| Dataset records |
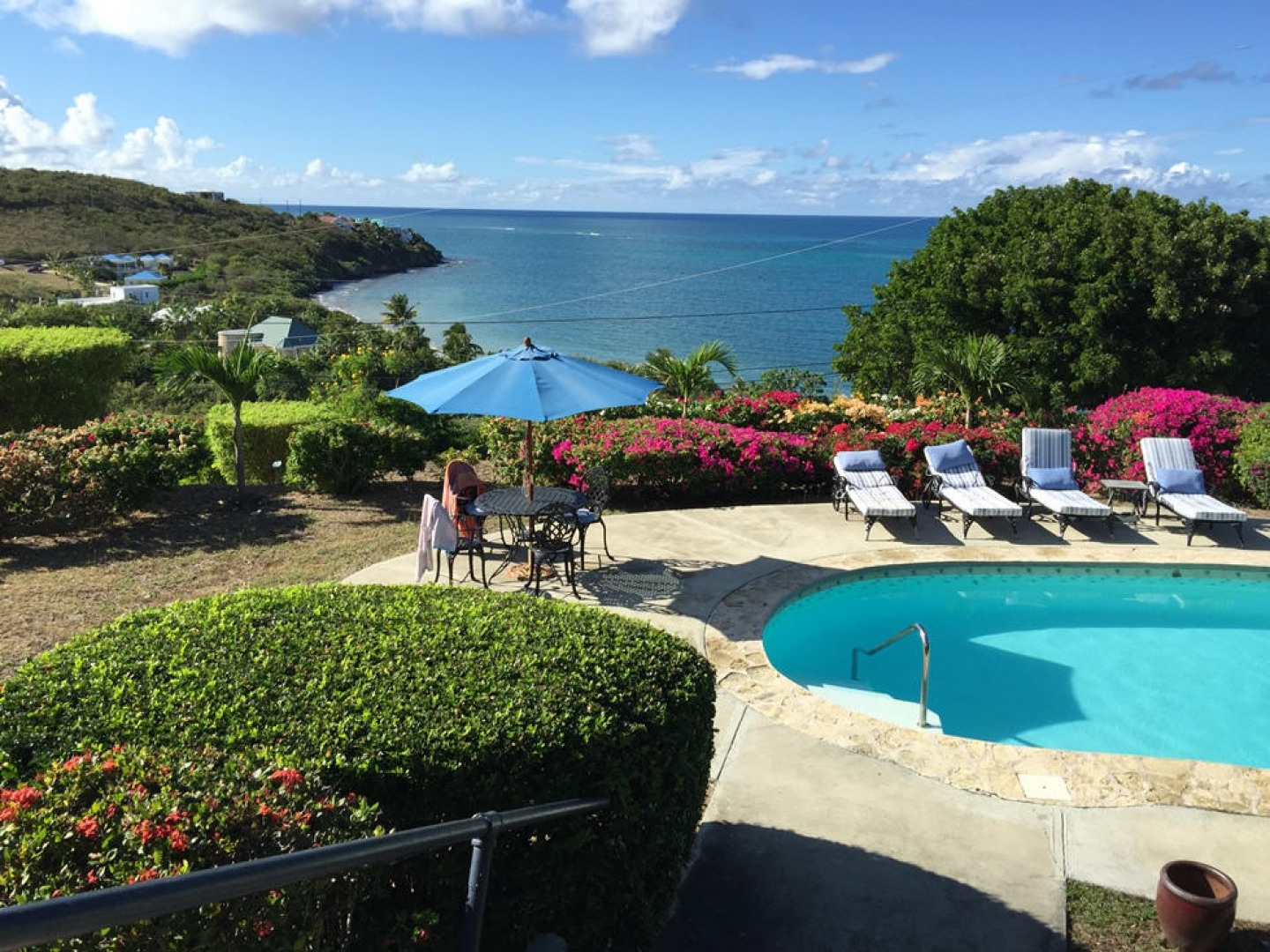 Island Retreat offers Caribbean living with gorgeous views overlooking Buck Island! Sea breezes abound year round in this pretty landscaped 4 bedroom 3 bath villa up on a hill. Lots of windows invite the outside in to see all neighboring islands. Guest suite has 2 bedrooms and pool area is perfect for entertaining! Great Vacation Rental vrbo.com/335767. Beaches, restaurants & casino closeby.
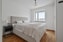Sovrummet är rymligt och rymmer en stor säng. Här finns även garderober. På golvet ligger parkett och väggarna är målade.
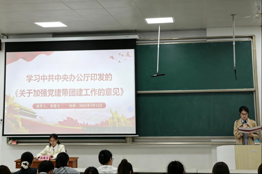 会议“第一议题”,团委组织部副部长常耀文带领全体成员集中学习中共中央办公厅印发的《关于加强党建带团建工作的意见》。学习坚持以习近平新时代中国特色社会主义思想为根本指导,深入贯彻落实习近平总书记关于青年工作的重要思想,紧扣党建带团建工作要求,重点围绕健全团干部与团员教育培训体系、提升青年思想政治引领实效等内容进行深入学习,进一步明晰了共青团作为党联系青年的桥梁纽带职责定位,为切实把党的领导贯穿团的工作全过程、引领广大青年坚定信念跟党走明确了实践方向。
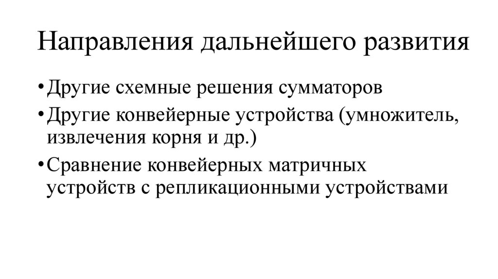 Направления дальнейшего развития• Другие схемные решения сумматоров
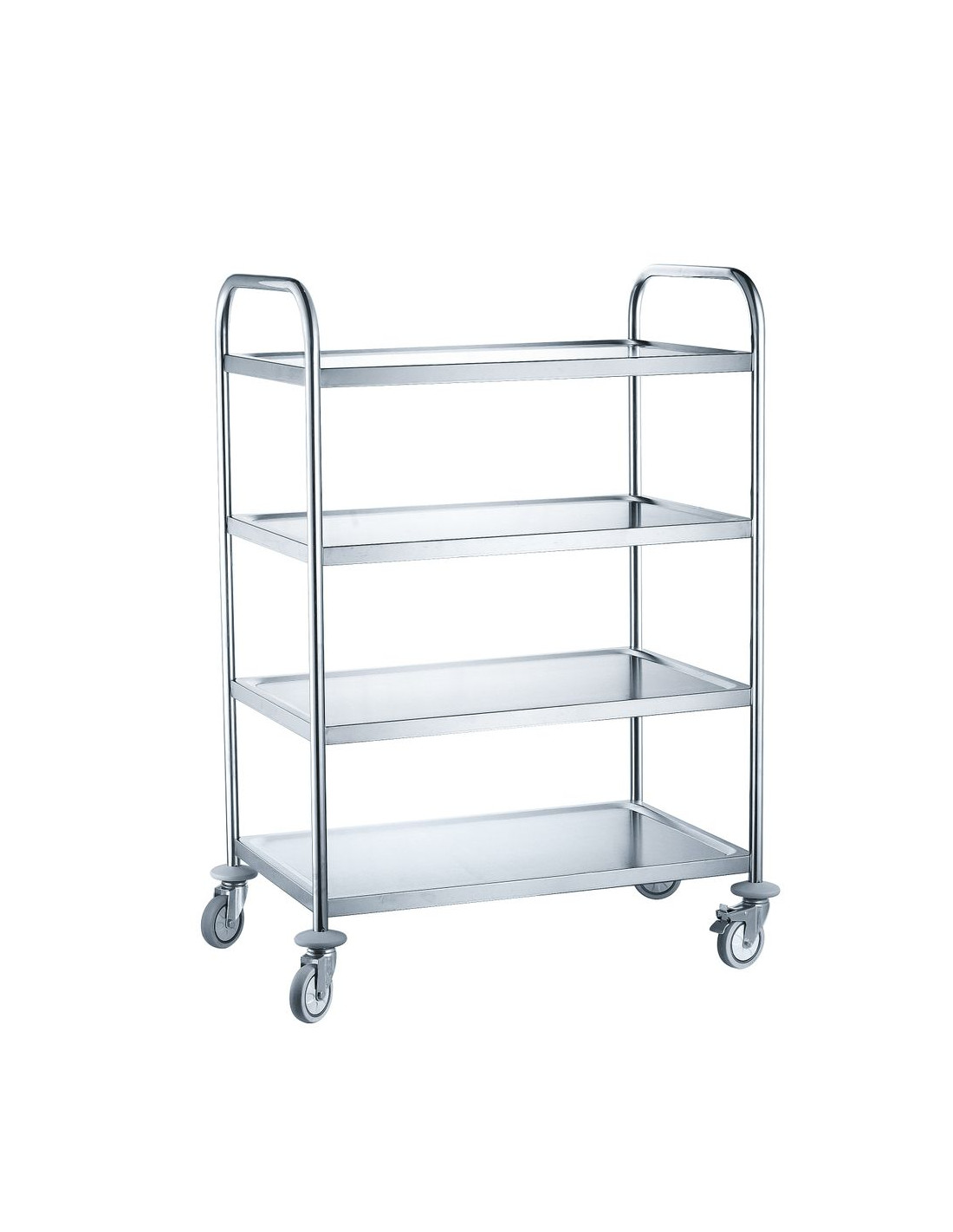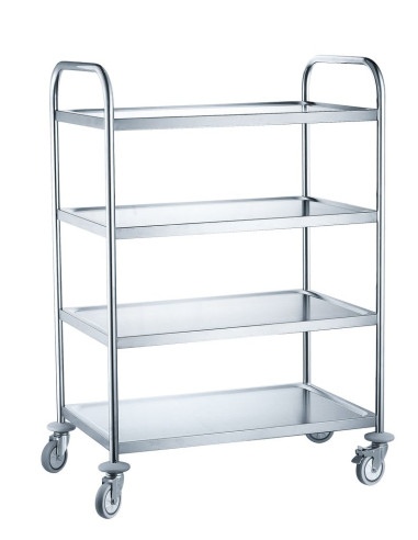 Tillverkad av rostfritt stål. Utrustad med 4 hyllplan. Inkluderar 4 hjul, varav 2 med broms, utrustade med hörnskydd. Leverans i platt förpackning.

| What is expected |
Although the records above include pictures, the copy must contain only their exact text.

| Expected output |
 Island Retreat offers Caribbean living with gorgeous views overlooking Buck Island! Sea breezes abound year round in this pretty landscaped 4 bedroom 3 bath villa up on a hill. Lots of windows invite the outside in to see all neighboring islands. Guest suite has 2 bedrooms and pool area is perfect for entertaining! Great Vacation Rental vrbo.com/335767. Beaches, restaurants & casino closeby.
Sovrummet är rymligt och rymmer en stor säng. Här finns även garderober. På golvet ligger parkett och väggarna är målade.
 会议“第一议题”,团委组织部副部长常耀文带领全体成员集中学习中共中央办公厅印发的《关于加强党建带团建工作的意见》。学习坚持以习近平新时代中国特色社会主义思想为根本指导,深入贯彻落实习近平总书记关于青年工作的重要思想,紧扣党建带团建工作要求,重点围绕健全团干部与团员教育培训体系、提升青年思想政治引领实效等内容进行深入学习,进一步明晰了共青团作为党联系青年的桥梁纽带职责定位,为切实把党的领导贯穿团的工作全过程、引领广大青年坚定信念跟党走明确了实践方向。
 Направления дальнейшего развития• Другие схемные решения сумматоров
 Tillverkad av rostfritt stål. Utrustad med 4 hyllplan. Inkluderar 4 hjul, varav 2 med broms, utrustade med hörnskydd. Leverans i platt förpackning.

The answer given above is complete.